Record extracts START
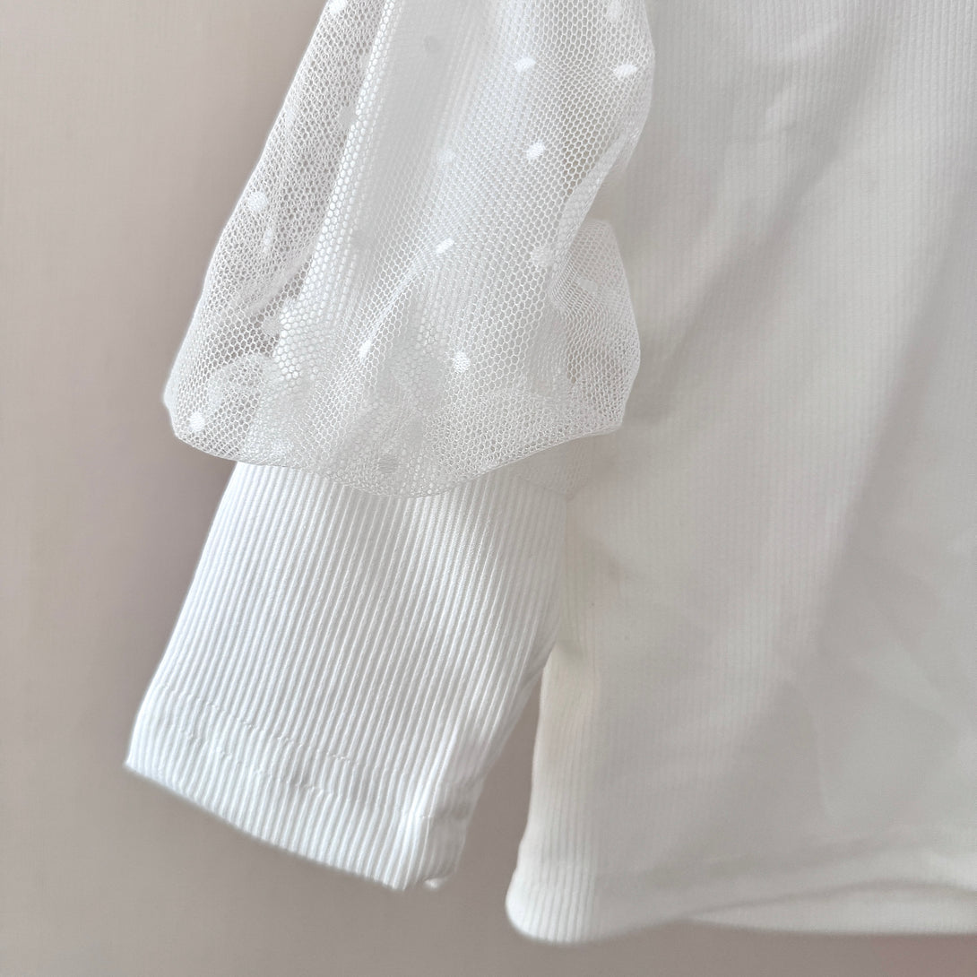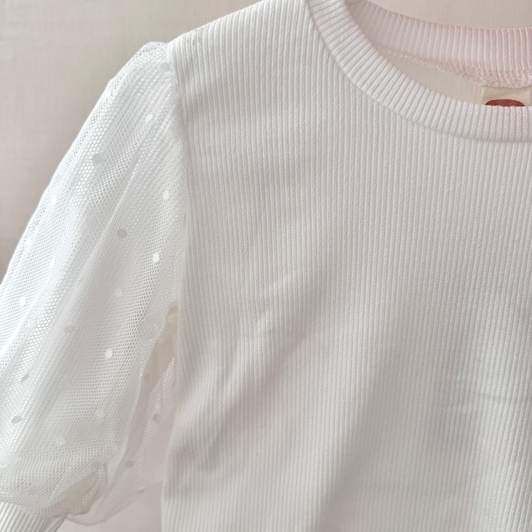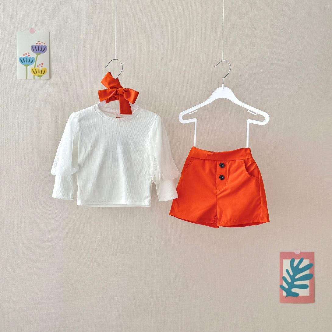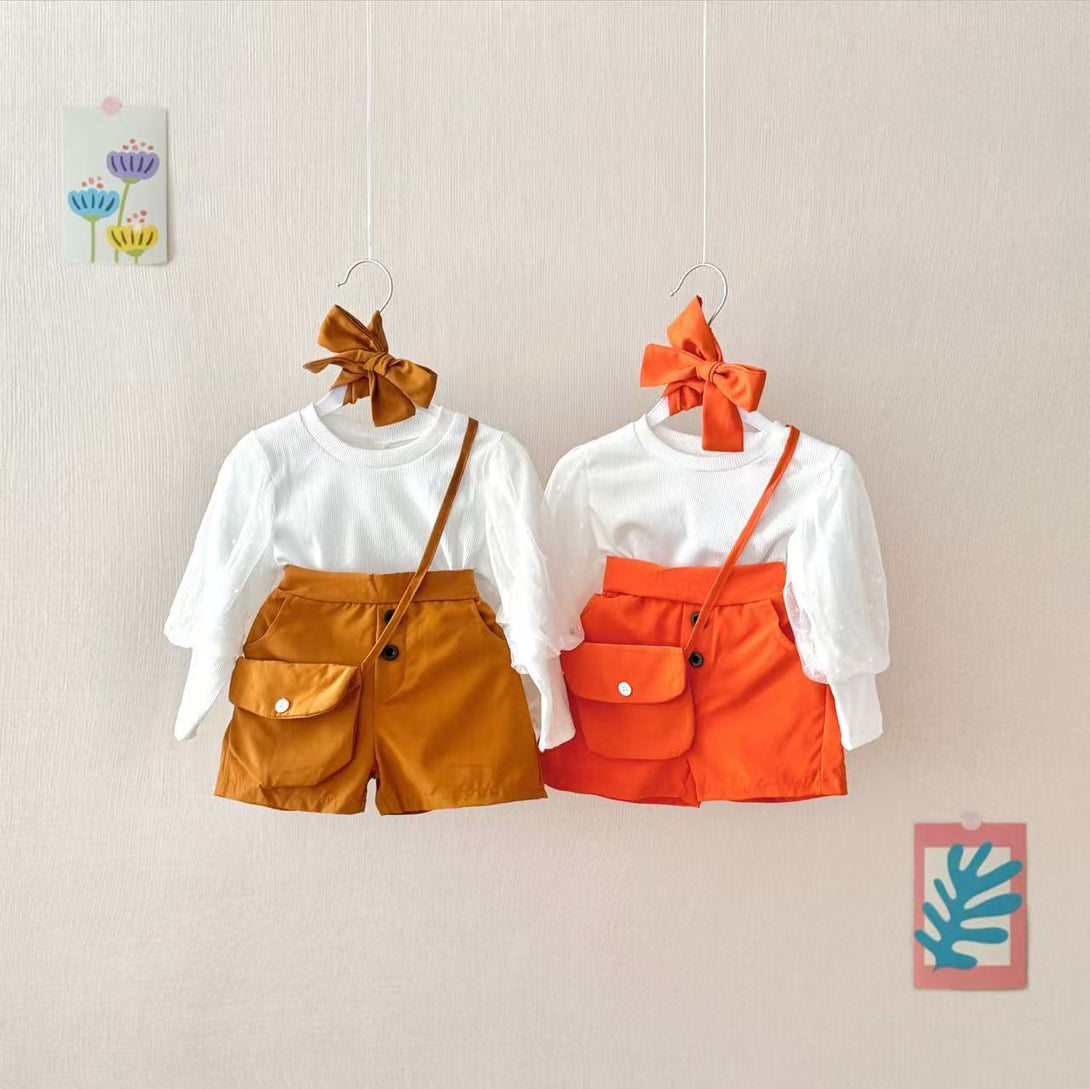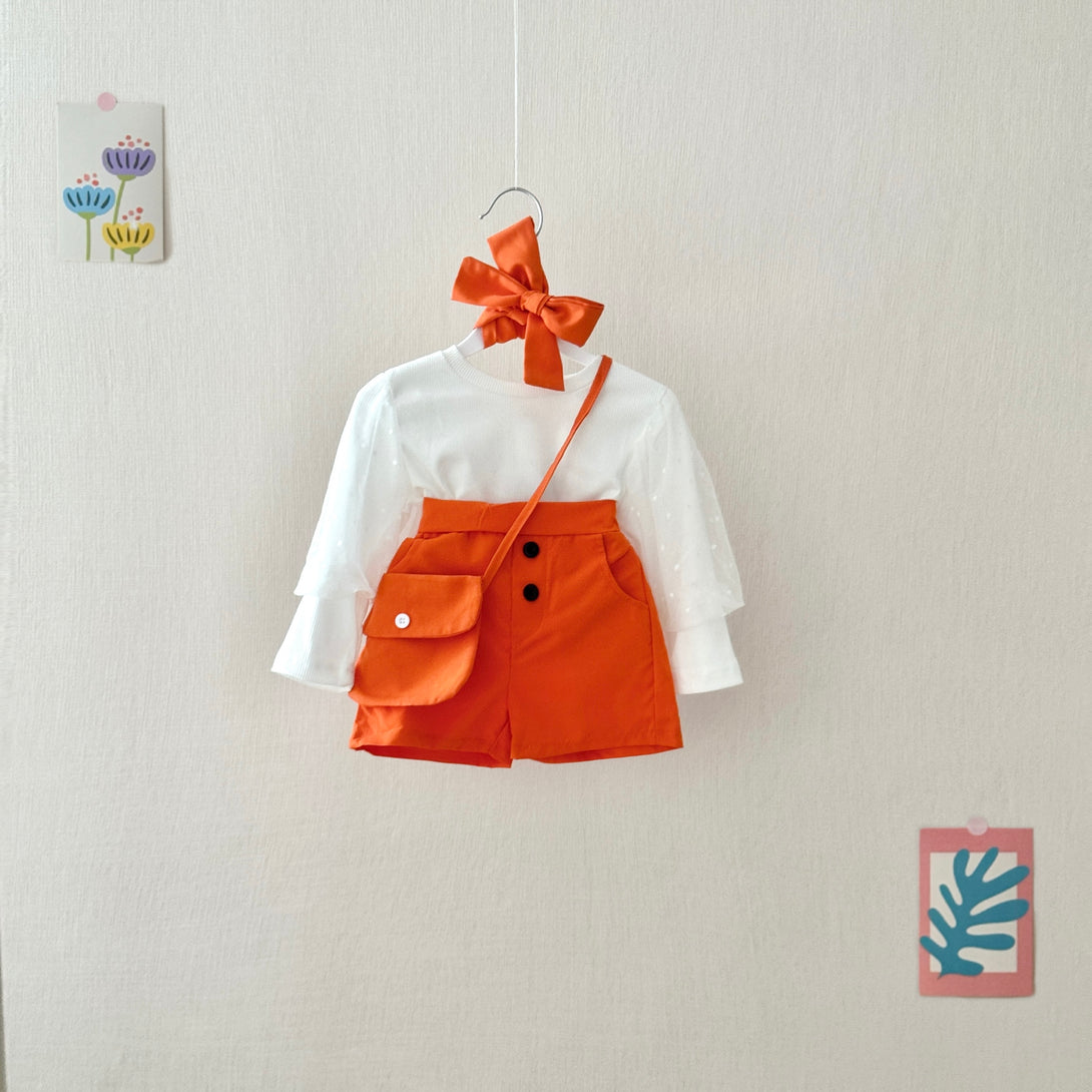 This charming outfit features a long-sleeved top made from a dotted mesh material that creates a puffy sleeve effect. The body of the top has a ribbed texture that is both stylish and comfortable. Paired with it are high-waisted shorts made from durable cotton fabric. The set also comes with a matching crossbody bag for a more fashion forward look.
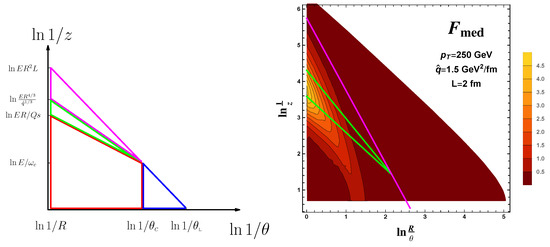 All in all, regions (A.1) and (A.4) support the notion of vacuum-like emissions taking place inside of the medium. Finally, we evaluated numerically the medium modification function in the Lund plane showed in Figure 3 (left panel), see Figure 3 (right panel), with the final goal of checking the factorization derived in Equation (1). The numerical results are in good agreement with the analytically derived ones since the medium modifications are expected to emerge in regions (A.2) and (A.3).
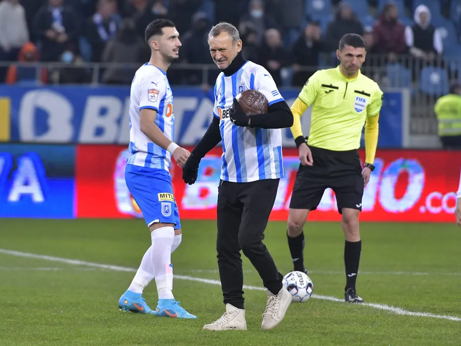 Gica Craioveanu da lovitura de start la meciul de fotbal dintre Universitatea Craiova si FC U Craiova, contand pentru Liga 1 Casa Pariurilor, desfasurat pe Stadionul Ion Oblemenco din Craiova, luni 14 februarie 2022. © FOTO:Razvan Pasarica/SPORT PICTURES
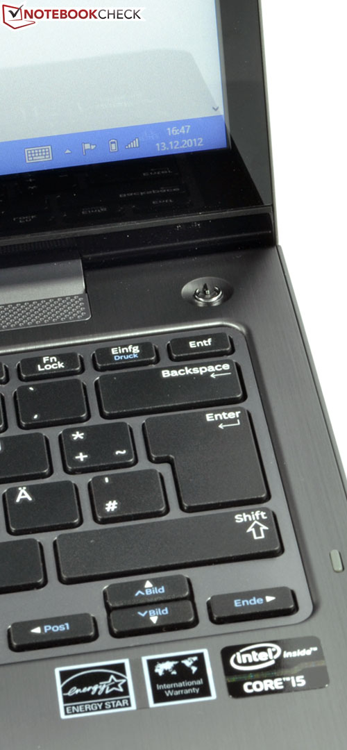 Trotzdem sind die Abstände zwischen den einzelnen Tasten großzügig bemessen. Die Pfeiltasten sind in der Höhe nur halb so groß wie der Rest des Tastenfeldes ausgeführt. Diverse Sondertasten wie die Regulierung der Lautstärke oder der Bildschirmhelligkeit werden durch eine Kombination mit der Fn-Taste aktiviert. Die blaue Beschriftung hebt sie vom Rest der Tasten hervor, ist aber bei schlechtem Umgebungslicht schwer zu erkennen. Leider sind die Tasten immer noch nicht hintergrundbeleuchtet. Insgesamt ermöglicht die Tastatur schon nach kurzer Eingewöhnungszeit ein sicheres, produktives Tippen.
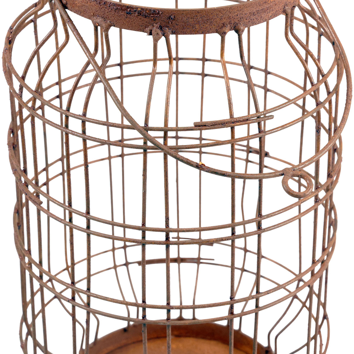 The shape is reminiscent of a birdcage without a roof. The open decorative lantern has a movable handle with which you can carry the metal decoration.
Record extracts END
* [What to work on]:
Please transcribe every entry above exactly, leaving out any pictures.

* [Result of this exercise]:
 This charming outfit features a long-sleeved top made from a dotted mesh material that creates a puffy sleeve effect. The body of the top has a ribbed texture that is both stylish and comfortable. Paired with it are high-waisted shorts made from durable cotton fabric. The set also comes with a matching crossbody bag for a more fashion forward look.
 All in all, regions (A.1) and (A.4) support the notion of vacuum-like emissions taking place inside of the medium. Finally, we evaluated numerically the medium modification function in the Lund plane showed in Figure 3 (left panel), see Figure 3 (right panel), with the final goal of checking the factorization derived in Equation (1). The numerical results are in good agreement with the analytically derived ones since the medium modifications are expected to emerge in regions (A.2) and (A.3).
 Gica Craioveanu da lovitura de start la meciul de fotbal dintre Universitatea Craiova si FC U Craiova, contand pentru Liga 1 Casa Pariurilor, desfasurat pe Stadionul Ion Oblemenco din Craiova, luni 14 februarie 2022. © FOTO:Razvan Pasarica/SPORT PICTURES
 Trotzdem sind die Abstände zwischen den einzelnen Tasten großzügig bemessen. Die Pfeiltasten sind in der Höhe nur halb so groß wie der Rest des Tastenfeldes ausgeführt. Diverse Sondertasten wie die Regulierung der Lautstärke oder der Bildschirmhelligkeit werden durch eine Kombination mit der Fn-Taste aktiviert. Die blaue Beschriftung hebt sie vom Rest der Tasten hervor, ist aber bei schlechtem Umgebungslicht schwer zu erkennen. Leider sind die Tasten immer noch nicht hintergrundbeleuchtet. Insgesamt ermöglicht die Tastatur schon nach kurzer Eingewöhnungszeit ein sicheres, produktives Tippen.
 The shape is reminiscent of a birdcage without a roof. The open decorative lantern has a movable handle with which you can carry the metal decoration.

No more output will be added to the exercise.